I am learning data scraping and, on top of that, I am quite a debutant with R (for work I use STATA, I use R only for very specific tasks).
In order to learn scraping, I am exercising with a few pages on Psychology Today.
I have written a function that allows me to scrape information for one therapist and to create a data set with the information collected in this way:
install.packages('rvest') #Loading the rvest package
install.packages('xml2') #Loading the xml2 package
library('rvest') #to scrape
library('xml2') #to handle missing values (it works with html_node, not with html_nodes)
#Specifying the url for desired website to be scraped
url <- 'https://www.psychologytoday.com/us/therapists/THE_ONE_YOU_WANT'
#Reading the HTML code from the website
URL <- read_html(url)
#creating the function
getProfile <- function(profilescrape) {
##NAME
#Using CSS selectors to name
nam_html <- html_node(URL,'.contact-name')

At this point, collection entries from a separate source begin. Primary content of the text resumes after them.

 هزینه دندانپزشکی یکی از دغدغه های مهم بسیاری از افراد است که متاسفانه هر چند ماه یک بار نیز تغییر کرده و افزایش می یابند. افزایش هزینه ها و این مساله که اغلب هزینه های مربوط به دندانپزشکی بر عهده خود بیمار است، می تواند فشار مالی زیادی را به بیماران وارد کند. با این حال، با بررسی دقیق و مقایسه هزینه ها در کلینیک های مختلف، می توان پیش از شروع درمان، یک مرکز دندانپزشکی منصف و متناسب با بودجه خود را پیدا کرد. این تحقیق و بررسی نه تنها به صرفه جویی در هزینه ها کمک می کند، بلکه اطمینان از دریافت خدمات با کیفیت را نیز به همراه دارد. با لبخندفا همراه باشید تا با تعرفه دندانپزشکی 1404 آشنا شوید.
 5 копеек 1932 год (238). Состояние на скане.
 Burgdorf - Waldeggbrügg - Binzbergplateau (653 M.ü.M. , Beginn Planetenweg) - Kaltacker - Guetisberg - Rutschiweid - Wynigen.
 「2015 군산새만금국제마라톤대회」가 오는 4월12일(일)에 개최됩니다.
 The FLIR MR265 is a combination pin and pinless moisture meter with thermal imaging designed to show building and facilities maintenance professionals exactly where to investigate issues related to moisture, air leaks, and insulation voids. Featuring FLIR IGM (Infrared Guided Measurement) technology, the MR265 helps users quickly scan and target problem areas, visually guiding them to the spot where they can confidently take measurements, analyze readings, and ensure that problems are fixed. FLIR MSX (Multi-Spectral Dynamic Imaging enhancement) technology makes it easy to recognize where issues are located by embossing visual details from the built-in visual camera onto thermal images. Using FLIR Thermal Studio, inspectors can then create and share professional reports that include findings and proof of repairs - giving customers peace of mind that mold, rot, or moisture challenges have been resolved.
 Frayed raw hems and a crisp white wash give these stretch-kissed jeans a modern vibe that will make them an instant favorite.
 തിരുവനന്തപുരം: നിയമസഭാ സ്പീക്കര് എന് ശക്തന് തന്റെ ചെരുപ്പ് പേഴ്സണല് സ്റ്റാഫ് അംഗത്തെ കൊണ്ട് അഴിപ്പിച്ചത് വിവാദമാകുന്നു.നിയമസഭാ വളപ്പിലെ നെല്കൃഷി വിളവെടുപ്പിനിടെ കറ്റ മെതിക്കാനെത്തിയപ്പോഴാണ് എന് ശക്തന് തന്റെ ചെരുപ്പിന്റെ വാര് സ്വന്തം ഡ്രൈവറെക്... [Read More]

#Converting the name data to text
nam <- html_text(nam_html)
#Let's have a look at the rankings
head(nam)
#Data-Preprocessing: removing '\n' (for the next informations, I will keep \n, to help
# me separate each item within the same type of
# information)
nam<-gsub("\n","",nam)
head(nam)
#Convering each info from text to factor
nam<-as.factor(nam)
#Let's have a look at the name
head(nam)
##MODALITIES
#Using CSS selectors to modality
mod_html <- html_node(URL,'.attributes-modality .copy-small')
#Converting the name data to text
mod <- html_text(mod_html)
#Let's have a look at the rankings
head(mod)
#Convering each info from text to factor
mod<-as.factor(mod)
#Let's have a look at the rankings
head(mod)
##Combining all the lists to form a data frame
onet_df<-data.frame(Name = nam,
Modality = mod)
##Structure of the data frame
str(onet_df)
}
View(onet_df)
This code seems to be working well for whatever therapist I choose.

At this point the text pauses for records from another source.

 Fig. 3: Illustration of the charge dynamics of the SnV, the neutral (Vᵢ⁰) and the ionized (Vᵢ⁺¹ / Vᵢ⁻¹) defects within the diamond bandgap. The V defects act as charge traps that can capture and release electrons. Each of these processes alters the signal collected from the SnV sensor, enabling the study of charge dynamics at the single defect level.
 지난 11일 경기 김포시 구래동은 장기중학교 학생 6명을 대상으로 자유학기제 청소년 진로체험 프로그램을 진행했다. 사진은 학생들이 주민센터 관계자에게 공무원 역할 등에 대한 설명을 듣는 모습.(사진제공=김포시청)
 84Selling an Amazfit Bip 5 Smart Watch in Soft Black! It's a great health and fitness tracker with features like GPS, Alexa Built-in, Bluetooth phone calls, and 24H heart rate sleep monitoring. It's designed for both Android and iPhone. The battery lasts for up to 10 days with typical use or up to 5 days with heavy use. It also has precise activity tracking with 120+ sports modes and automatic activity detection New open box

Now, I would like to use this function on multiple profiles, to generate one data set, with name and modality of MHPs.
Let's say that I want to apply the above function "getProfile" to the first 20 therapists in Illinois and input the information for this 20 therapists in a data set called "onet_df"
j <- 1
MHP_codes <- c(324585 : 449807) #therapist identifier
withinpage_codes <- c(1 : 20) #therapist running number
for(code1 in withinpage_codes) {
for(code2 in MHP_codes) {
URL <- paste0('https://www.psychologytoday.com/us/therapists/illinois/', code2, '?sid=5d87f874630bd&ref=', code1, '&rec_next=1&tr=NextProf')
record_profile <- getProfile <- function(profilescrape)

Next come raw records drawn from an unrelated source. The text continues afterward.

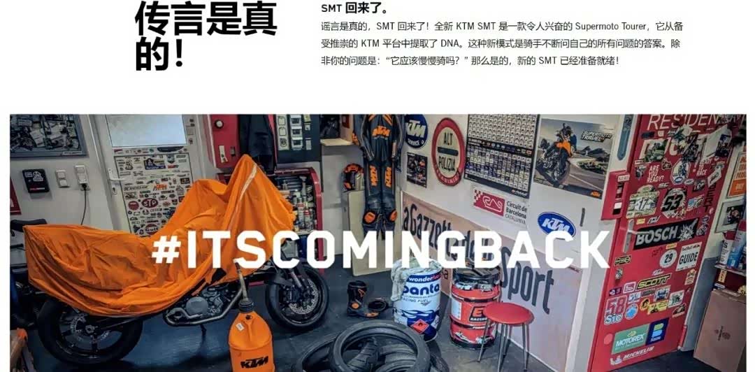 其实,KTM曾经在2009年,就推出过类似的KTM 990 Supermoto Touring车型,可惜当年990 SMT并没有存在太长时间,在2013年就匆匆退出市场了。随着新的890系列车型局面打开,KTM的SMT之梦再度苏醒。而KTM官方主页的消息也明显给出了it's coming back (它又回来了)的字样。接下来就看KTM什么时候发布这款车了。
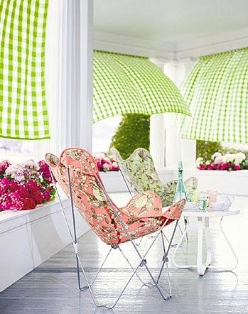 I love everything! Now you've inspired me with photo #1...I've got a little front porch and during the hottest Summer days it just too sunny to sit there...but I'm gonna make some curtains perhaps Roman shades to roll up and down as required...
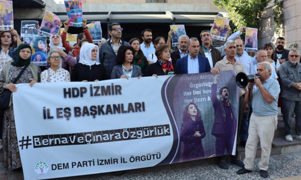 Duruşma sonrasında karar adliye önünde “Berna ve Çınar yalnız değildir”, “Baskılar bizi yıldıramaz” ve “Berna ve Çınar’a özgürlük” sloganlarıyla protesto edildi. Adliye önünde konuşan DEM Parti İzmir İl Eş Başkanı Vezan Karabulut, tutuklulara adeta düşman hukuku uygulandığını vurgulayarak, “İçeride bir komedi oynandı. Tamamen düzmece ve kurmaca bir iddianame hazırlanmış. Eş başkanlarımız tamamen siyasi faaliyet yürüttüğü için yargılandı. Cezaevindeki tüm siyasi tutsaklar özgür olana kader mücadelemizi sürdüreceğimizi yineliyoruz” dedi.

onet_df[[j]] <- rbind.fill(onet_df, record_profile)
j <- j + 1
}
}
EDITS START HERE:
This loop does not create any data set; moreover, it does not give any error message.
Would someone be able to help me de-bug this loop?
Please, keep in mind that I am a real beginner.
Following sueggetions, I have modified what follows at the beginning:
#creating the function
getProfile <- function(URL) {....}
Moreover, I have used three alternative loops:
1st alternative
j <- 1
MHP_codes <- c(324585 : 449807) #therapist identifier
withinpage_codes <- c(1 : 20) #therapist running number
for(code1 in withinpage_codes) {
for(code2 in MHP_codes) {
URL <- paste0('https://www.psychologytoday.com/us/therapists/illinois/', code2, '?sid=5d87f874630bd&ref=', code1, '&rec_next=1&tr=NextProf')
record_profile <- getProfile(URL)
onet_df[[j]] <- rbind.fill(onet_df, record_profile)
j <- j + 1
}
}
which gives the followin errors message:
Error in UseMethod("xml_find_first") :
no applicable method for 'xml_find_first' applied to an object of class "character"
2nd alternative
MHP_codes <- c(324585, 449807) #therapist identifier
withinpage_codes <- c(1:20) #therapist running number
df_list <- vector(mode = "list",
length = length(MHP_codes) * length(withinpage_codes))
j <- 1
for(code1 in withinpage_codes) {
for(code2 in MHP_codes) {
URL <- paste0('https://www.psychologytoday.com/us/therapists/illinois/', code2, '?sid=5d87f874630bd&ref=', code1, '&rec_next=1&tr=NextProf')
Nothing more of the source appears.